Ero ai tempi dei miei primi giovanili ardori di caccia, alle mie prime licenze, forse al terzo anno di caccia anche se giovanissimo, poco più che ventenne (la prima licenza l’avevo ottenuta col consenso paterno…) che impaziente, montato dai racconti paterni, dal nonno, dagli zii che in due l’uno più gasato dell’altro non facevano che parlarmi di caccia, ma soprattutto di “Lei”, della Regina. Quindi frastornato e rapito da tanta loquela, fremente attendevo quel periodo di passo che s’identifica nelle nostre zone (sono della bassa padana), nel mese di ottobre. Per ragioni di lavoro, purtroppo da solo mi ero dovuto trasferire in quel di Milano dove sicuramente vuoi per le zone e per la selvaggina la caccia era molto più scarsa. Non mi rimane che attendere il fine settimana, e non sempre mi era possibile anche a causa della distanza e del tempo, per ritornare a cacciare dalle mie parti. Giustificata era quindi la mia impazienza per cercare di cogliere ogni momento possibile per dar sfogo a questa passione. Come già detto in tutto ciò mi supportava una famiglia di cacciatori.
Mio padre conosciuto nella zona come “beccaccinista nato” sempre coadiuvato da superbi soggetti di cani di cui uno su tutti: il Tres, che i cacciatori ancora ne ricordano le gesta!

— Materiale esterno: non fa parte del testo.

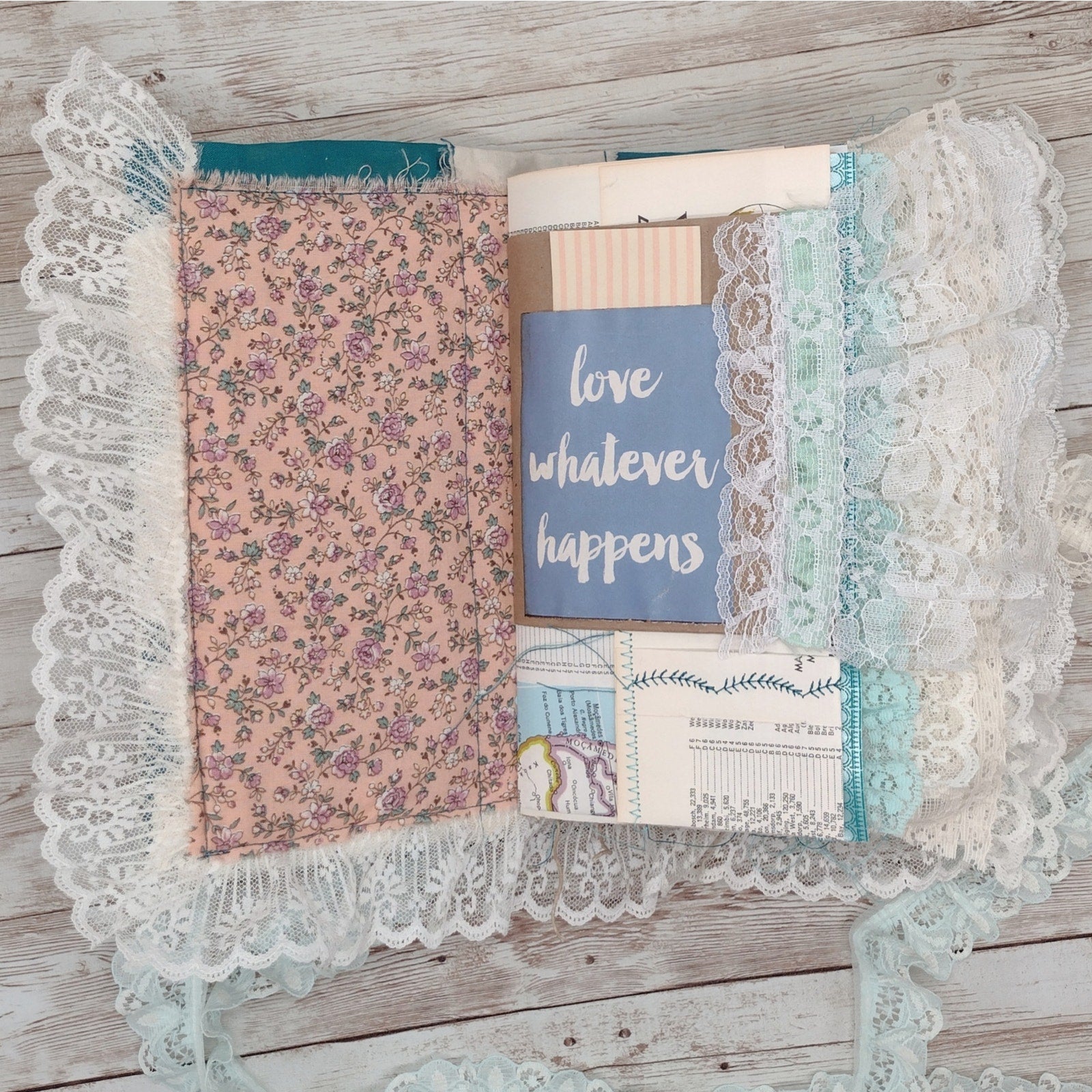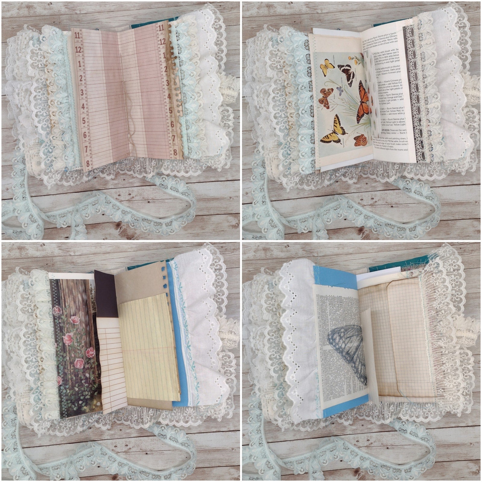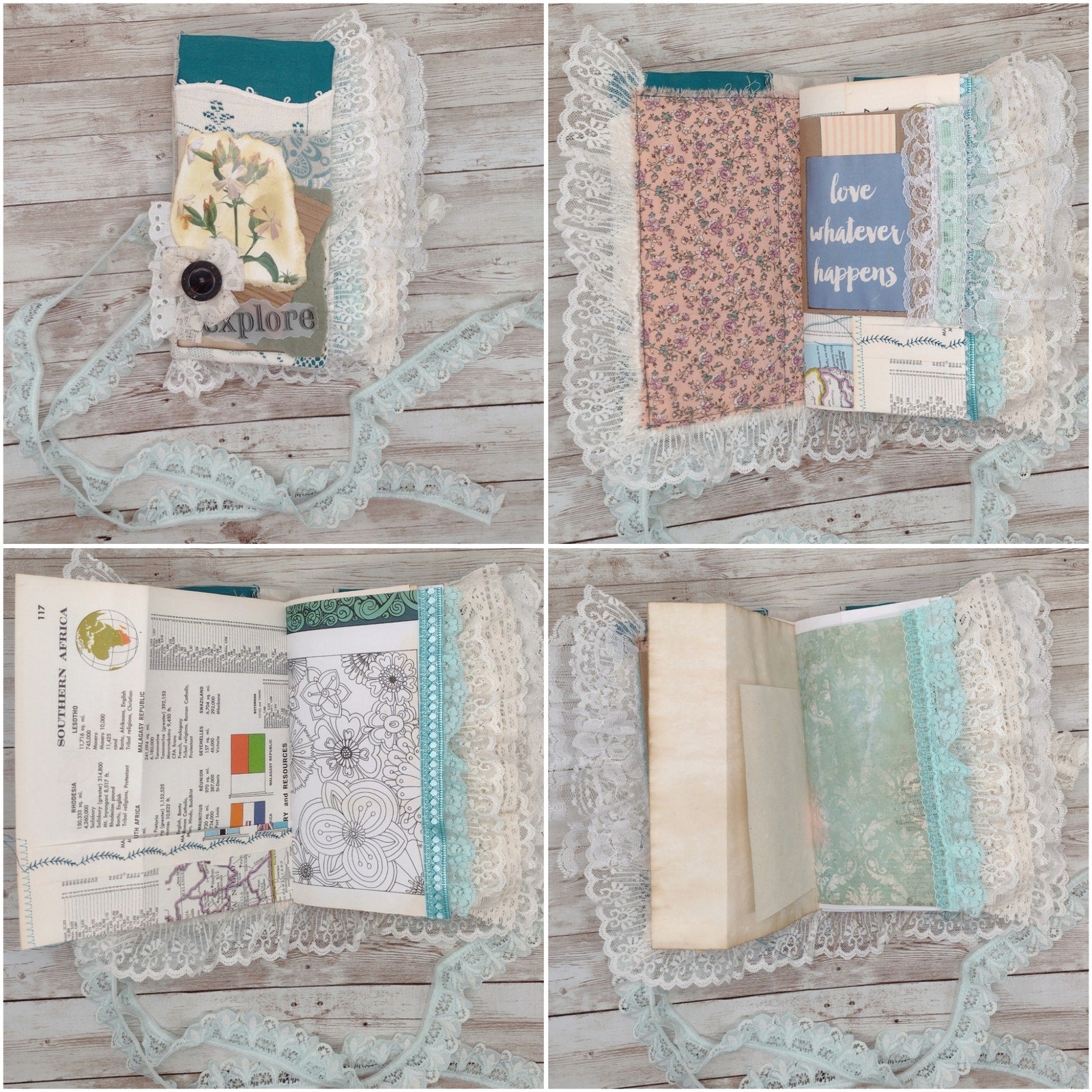 Explore: a turquoise, pink, and purple flower, birds, and butterfly junk journal. This two signature beauty has a handmade fabric cover. It provides a wonderfully unique way to journal for any purpose, scrapbook, or store your keepsakes. This is a lovely way to stay organized while expressing yourself. I don't use kits or templates in my work, ensuring a unique journal you won't find anywhere else.
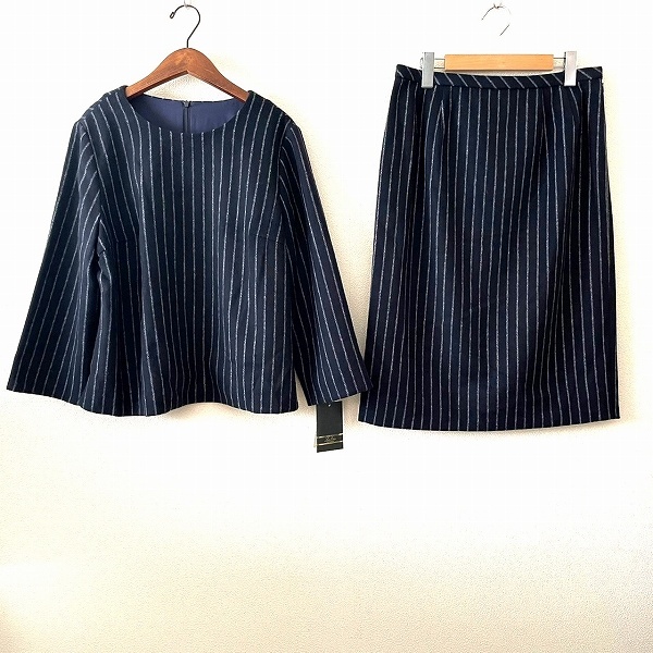 Product name: #wnc レリアン Leilian セットアップ ツーピース 13 紺 白 ストライプ バックジップ 大きいサイズ タグ付き 美品 レディース [794598]
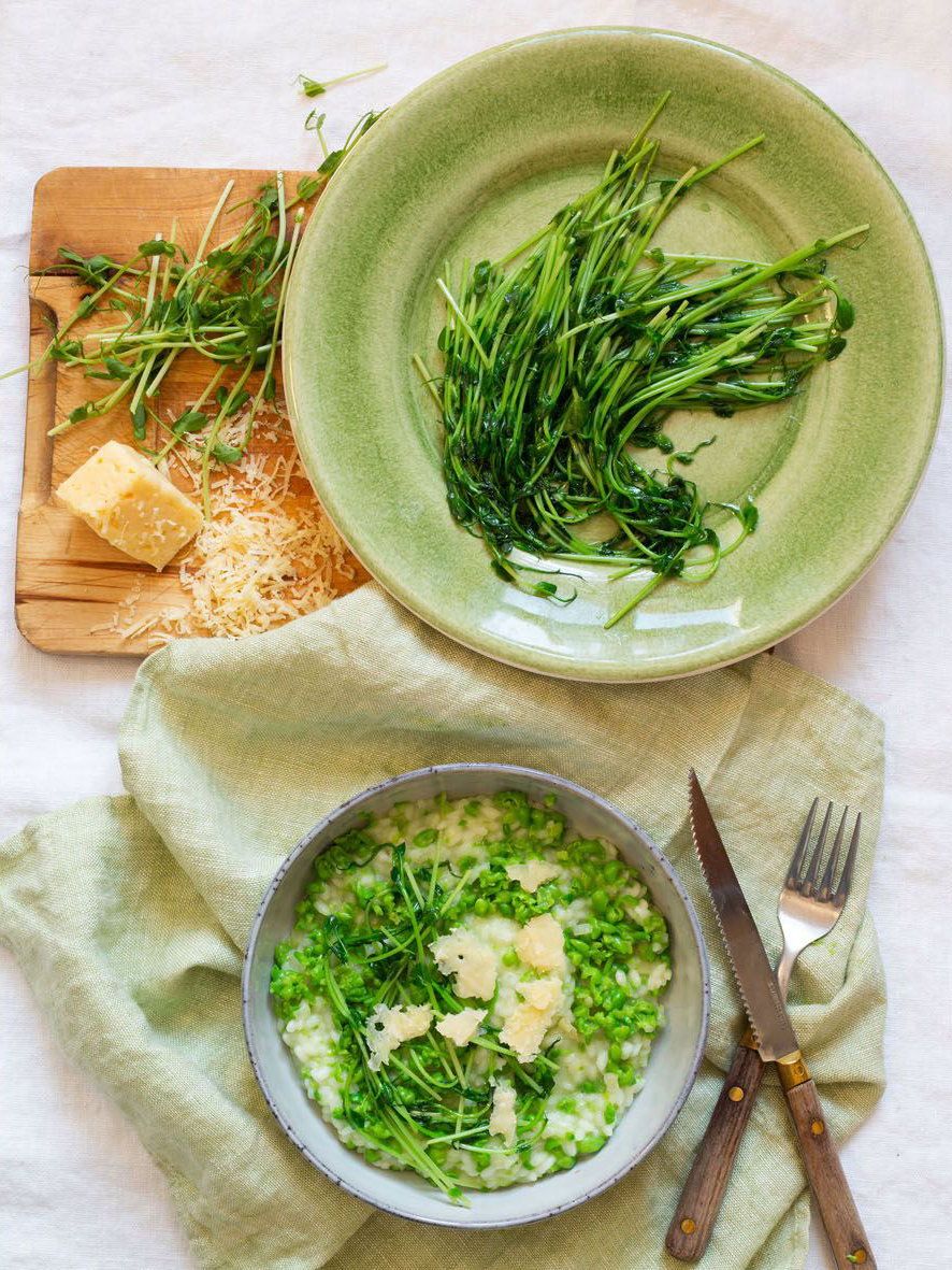 Ärtrisotto – knallgrönt för alla sinnen. Vanliga frysta ärtor och en rejäl knippa ärtskott. Grötris, smör och lagrad ost. Succé!
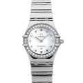 - オメガが誇る高精度モデル"コンステレーション"。こちらの"コンステレーション ミニ"は、直径22mmのケースサイズが日本人の細い腕にぴったりなモデルです。ベゼルに配されたダイヤモンドの煌めき、文字盤のホワイトシェルの光沢、ケース・ブレスの鏡面仕上げ、さらに色鮮やかな石のインデックスが大変華やかな雰囲気です。
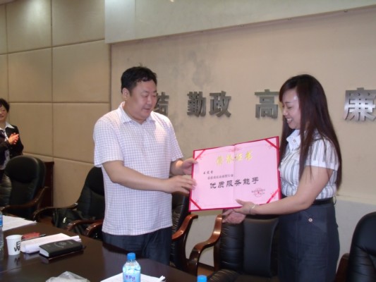 梁平县商务局周书记为获得行业“服务能手”的员工颁发荣誉证书
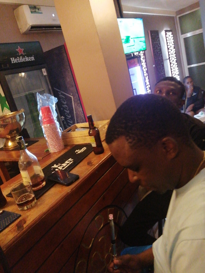 Inside a bar, a man in a white shirt holds a vaping device
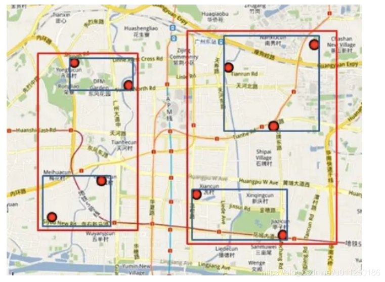 - 最后选择天河城所在的那个区域(对应叶子结点,存放有最小矩形),遍历所有在此区域内的结点,看是否满足我们的要求即可。
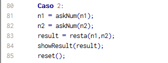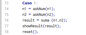 Ahora bien, si el valor introducido por el usuario es 1, estableceremos el Caso 1, esta opción le ofrece a los usuarios realizar la suma de 2 números, estos valores serán almacenados en la variable n1 y n2, los cuales serán obtenidos a través de la función askNum(n). El resultado de la operación sera almacenado en la variable result y luego se llama la función showResult(result) para mostrar el resultado y seguidamente la función reset(); para que el usuario pueda volver al menú principal al presionar cualquier tecla.
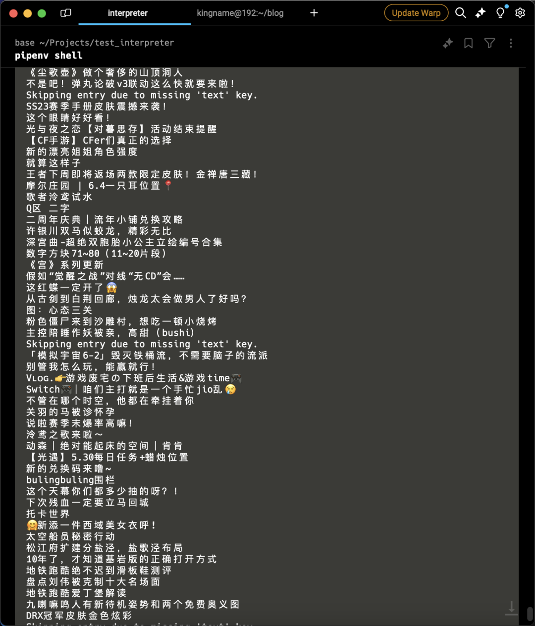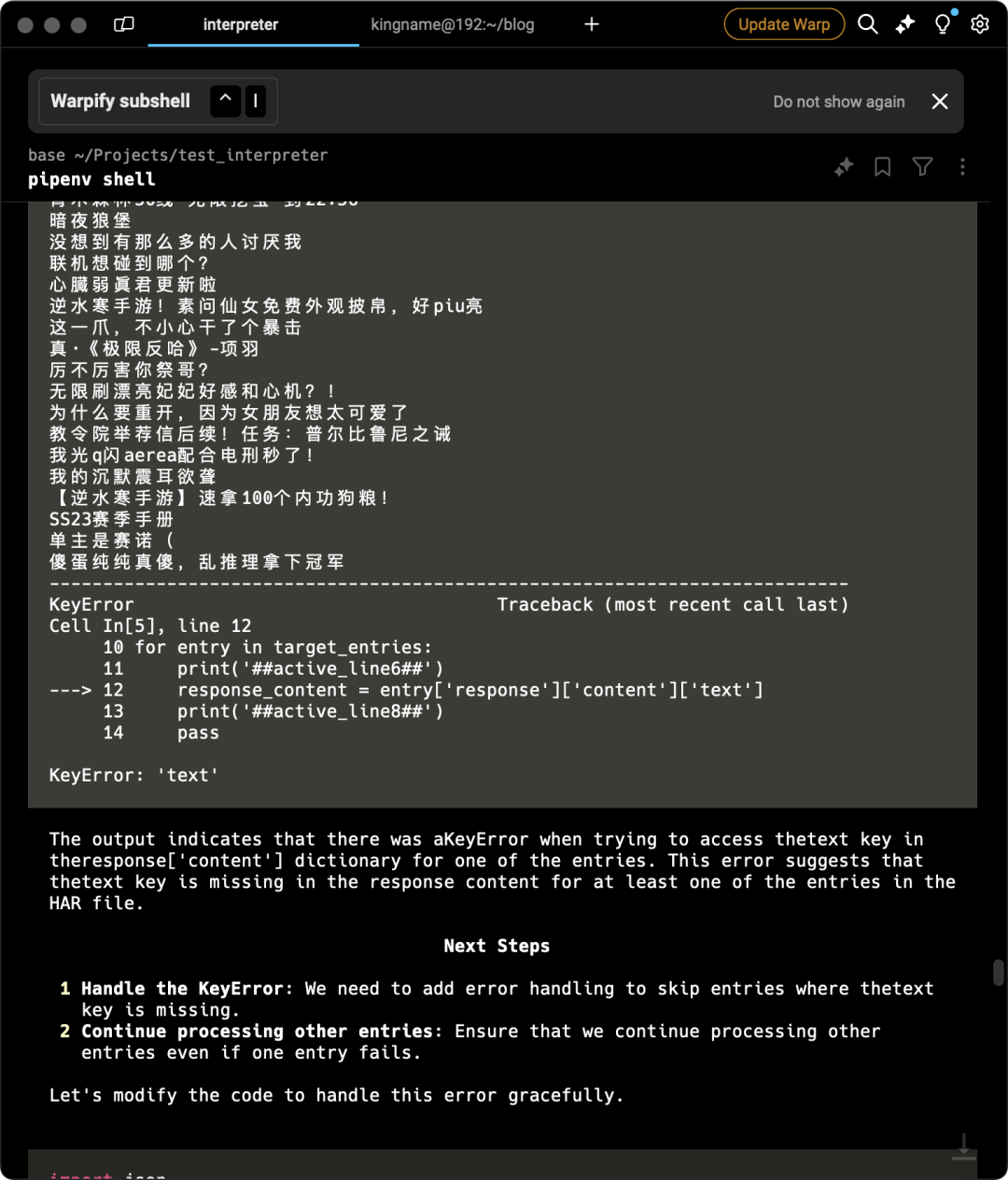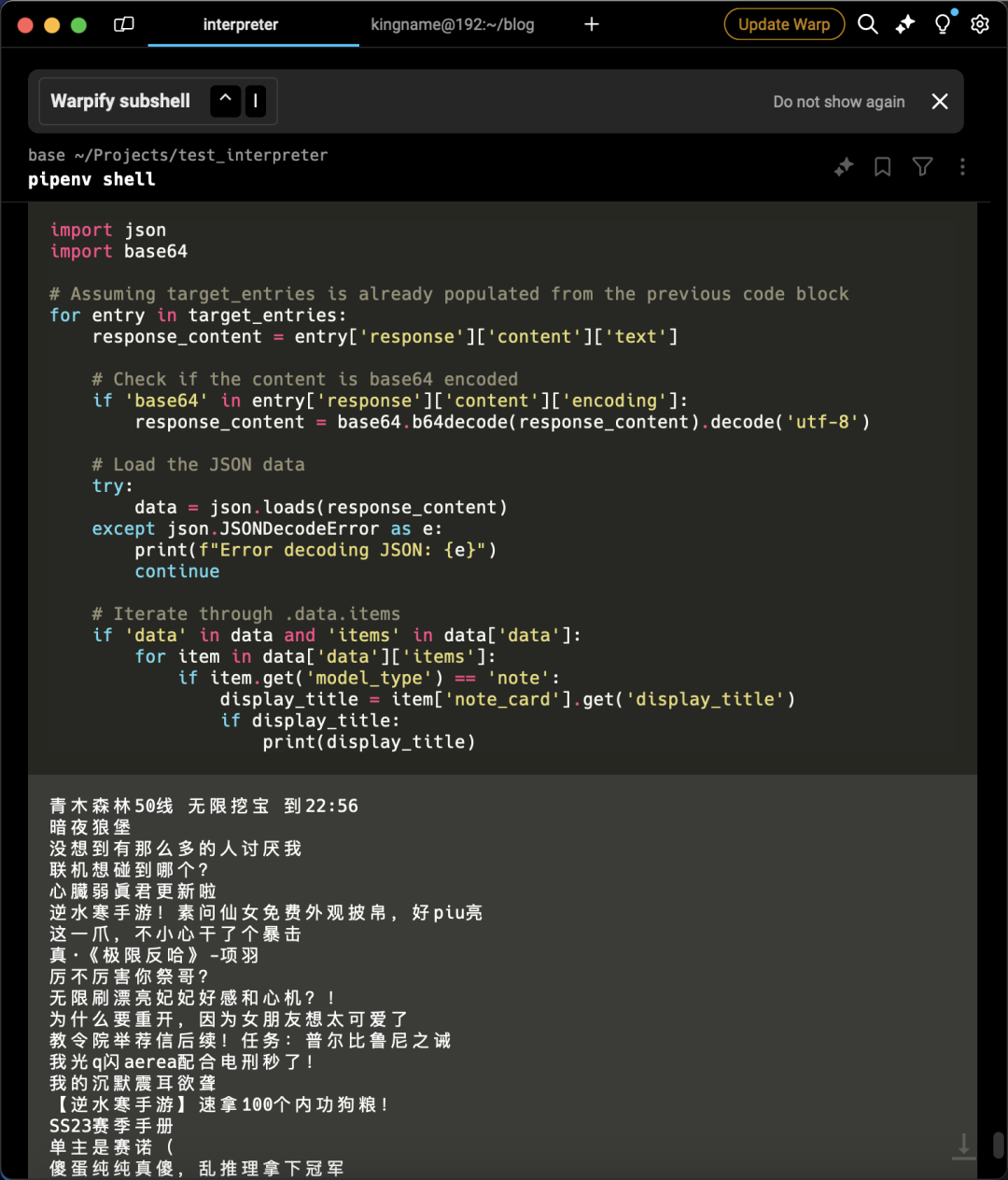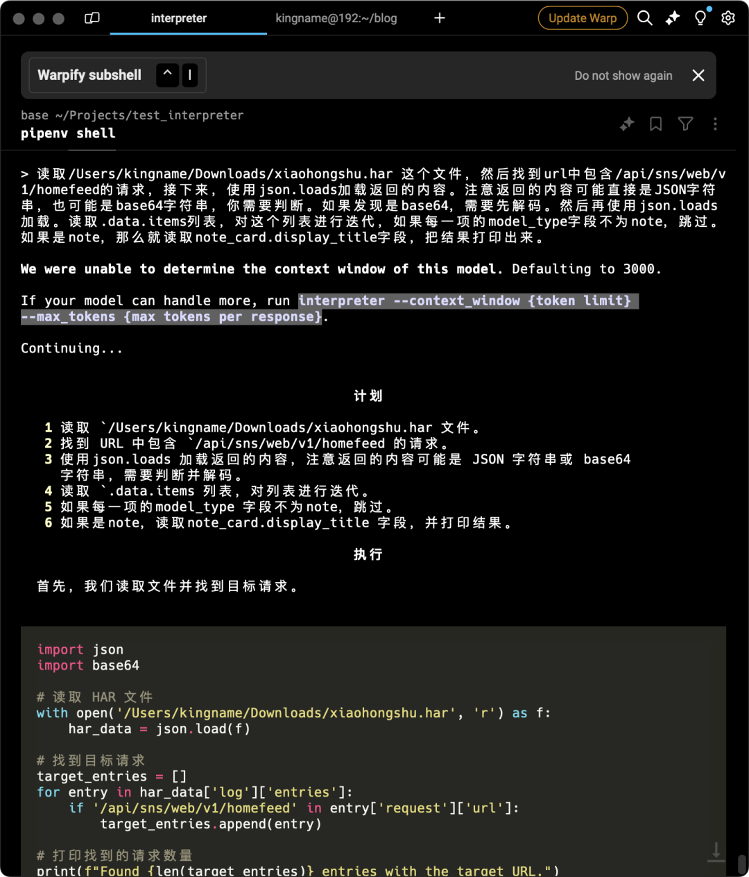 interpreter.chat('读取/Users/kingname/Downloads/xiaohongshu.har 这个文件,然后找到url中包含/api/sns/web/v1/homefeed的请求,接下来,使用json.loads加载返回的内容。注意返回的内容可能直接是JSON字符串,也可能是base64字符串,你需要判断。如果发现是base64,需要先解码。然后再使用json.loads加载。读取.data.items列表,对这个列表进行迭代,如果每一项的model_type字段不为note,跳过。如果是note,那么就读取note_card.display_title字段,把结果写入到note_title.txt文件中')

E Tres in memoria dello scomparso avevamo battezzato l’attuale Setter, buon soggetto di quattro anni di cui ne avevo curato l’addestramento. Dopo una settimana di lavoro, finalmente ero giunto in famiglia. Stanco del viaggio la notte passava veloce sognando ombre di boschi e voli di beccacce per svegliarmi di buon mattino provando e ritrovandomi avvolto in quel calore familiare di cui un po’ tutto cose e persone sanno parlare. Tutto era già pronto … la mamma con una fumante tazza di caffè accompagnata da biscotti e marmellata … mentre Tres, agitatissimo intuendo la mia voce manifestava la sua partecipazione con brontolii non proprio a mezza voce e finiva per dividere con me la colazione. Il tempo di leggere due righe, che mio padre, già al lavoro mi raccomandava di non affaticare troppo il cane, che nel pomeriggio (con qualche sacrificio) ci sarebbe stato pure lui! Misi il guinzaglio a Tres, inforcai la bici e partimmo in direzione del bosco. La giornata era limpida ed il sole con i suoi raggi faceva splendere sulle erbe e sulle foglie la rugiada pesante caduta durante la notte, il tutto in un’atmosfera quasi irreale, senza un alito di vento, ciò che nella “bassa” di questi tempi (siamo a mezz’ottobre) è un po’ raro, generalmente vi sono nebbie persistenti o insistenti piogge!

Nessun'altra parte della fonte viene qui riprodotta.